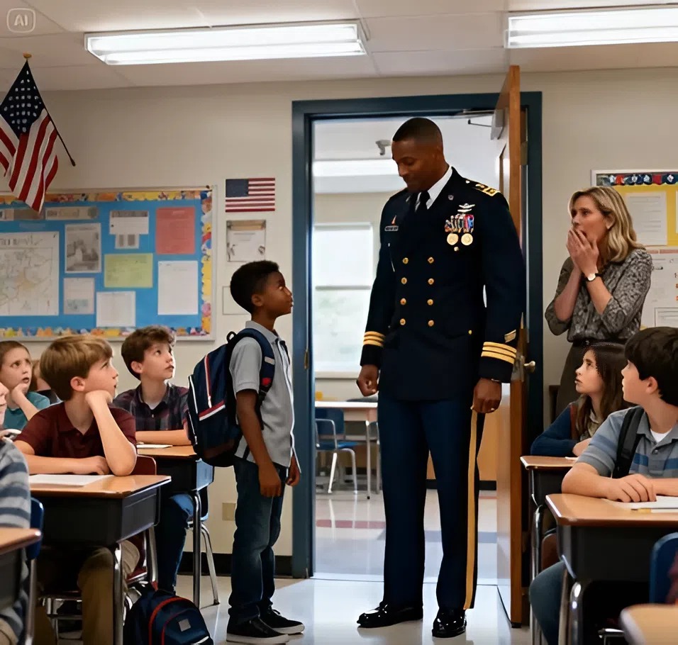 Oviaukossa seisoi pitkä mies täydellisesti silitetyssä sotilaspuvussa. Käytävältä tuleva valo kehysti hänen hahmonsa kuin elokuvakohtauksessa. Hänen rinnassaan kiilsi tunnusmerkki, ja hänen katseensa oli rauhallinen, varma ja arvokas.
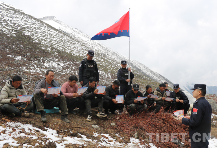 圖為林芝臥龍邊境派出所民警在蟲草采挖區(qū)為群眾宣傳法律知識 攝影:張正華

□ □ □

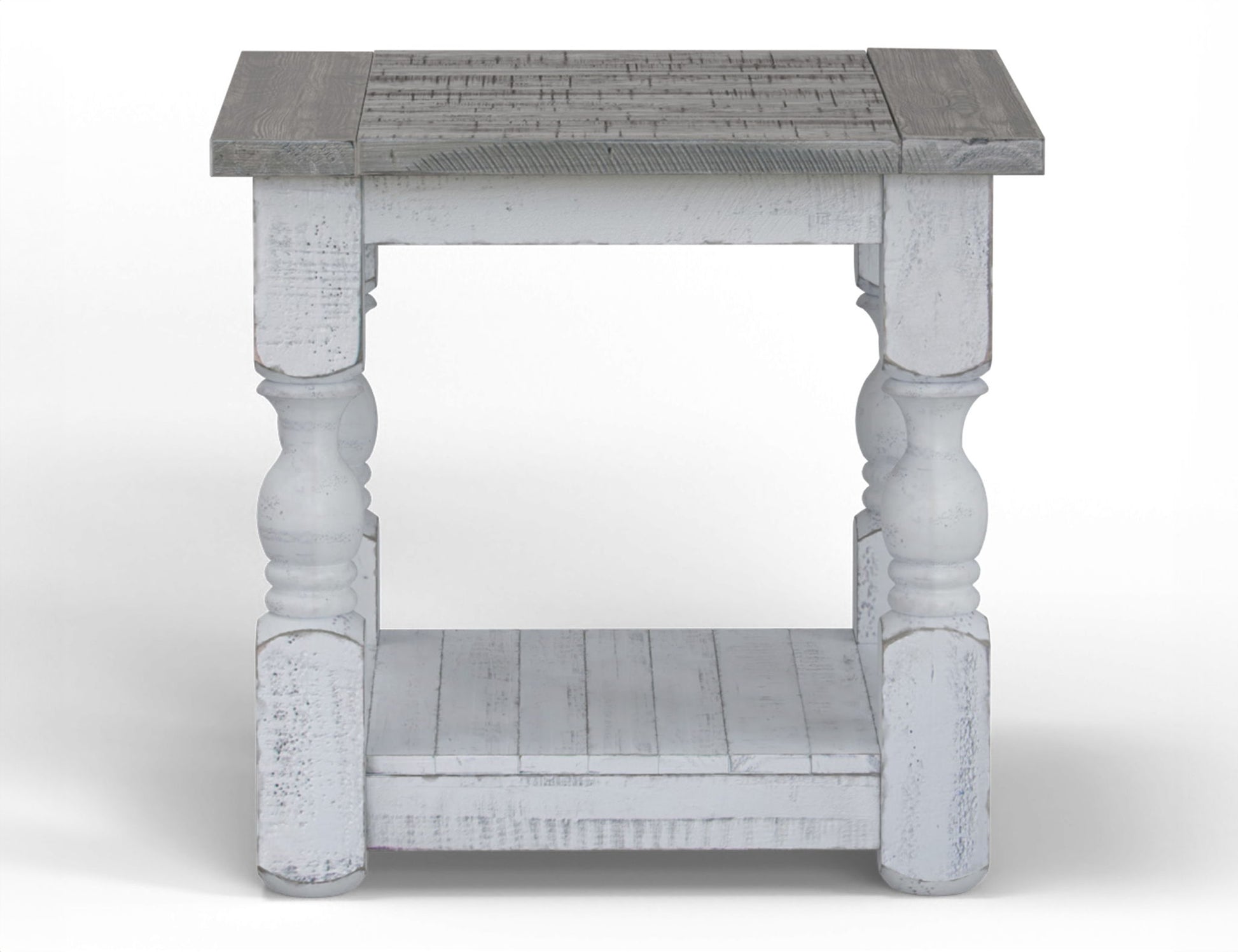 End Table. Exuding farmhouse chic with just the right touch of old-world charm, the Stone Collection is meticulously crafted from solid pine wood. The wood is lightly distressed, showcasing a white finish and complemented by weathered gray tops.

□ □ □

_Task statement_.
Would you please reproduce the entries above, starting at the line with "Oviaukossa seisoi pitkä" and stopping after the line with "圖為林芝臥龍邊境派出所民警在蟲草采挖區(qū)為群眾宣傳法律知識 攝影:張正華"? Omit any pictures.

_Answer to the problem_.
 Oviaukossa seisoi pitkä mies täydellisesti silitetyssä sotilaspuvussa. Käytävältä tuleva valo kehysti hänen hahmonsa kuin elokuvakohtauksessa. Hänen rinnassaan kiilsi tunnusmerkki, ja hänen katseensa oli rauhallinen, varma ja arvokas.
 圖為林芝臥龍邊境派出所民警在蟲草采挖區(qū)為群眾宣傳法律知識 攝影:張正華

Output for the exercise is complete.